TASK GOAL:
Your answer must be the full listing, word for word, with no images in it.

COLLECTED DATA:
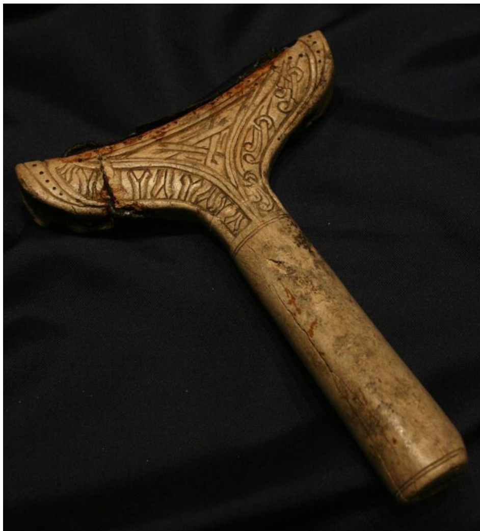
Runebommehammeren fra Rendalen. Et kulturelt møte mellom samisk og norrøn kultur i middelalderen.
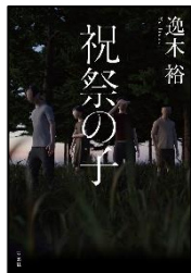
「祝祭の子」 逸木 裕 著 双葉社
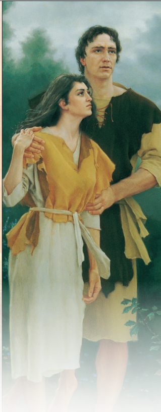
ការបង្កបង្កើត និងការធ្លាក់ចុះ

គោលលទ្ធិ និងសេចក្តីសញ្ញា ២៩:៣១-៣៣; ៤០-៤១

WRITTEN RESPONSE:
Runebommehammeren fra Rendalen. Et kulturelt møte mellom samisk og norrøn kultur i middelalderen.
「祝祭の子」 逸木 裕 著 双葉社
ការបង្កបង្កើត និងការធ្លាក់ចុះ

គោលលទ្ធិ និងសេចក្តីសញ្ញា ២៩:៣១-៣៣; ៤០-៤១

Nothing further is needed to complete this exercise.